Where is my head positioned in relationship to my shoulders? Due to the fact that we are almost always leaning forward to perform the tasks of daily living, like driving, typing and even walking, we tend to carry out head out in front of our torso.   The head should actually be lined up right over the center of the shoulders to prevent unnecessary stress in the neck and upper back.   Try This:  Draw your chin in slightly towards your throat, so that your ear lobes are lined up over the center of your shoulders.  Can you feel how much longer and less tense  the back of your neck is in that position?

Where am I holding my pelvis?

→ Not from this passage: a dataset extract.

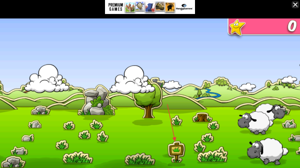 1、進(jìn)入游戲看到草原場景及綿羊按紅箭頭指向點(diǎn)擊牌子。

The pelvis is basically a complex of bones in the shape of a bowl that rest on the top of your thighs.  Muscles from your hips, lower back, and abdominals all attach to sites on or through the pelvis.  If the muscles are imbalanced, which is often the case, lower backs get strained, abdominals get weak, and hips get tight.  It is most common, especially in women, to carry the pelvis a little too far forward.   Try this:  Gently contract your gluteal muscles to push your pelvis slightly forward, and at the same time draw your abdominal muscles up and in towards your spine.   You should feel that your lower back and the front of your hips lengthen.   You should also feel that you now have less pressure in your lower back and you are standing taller!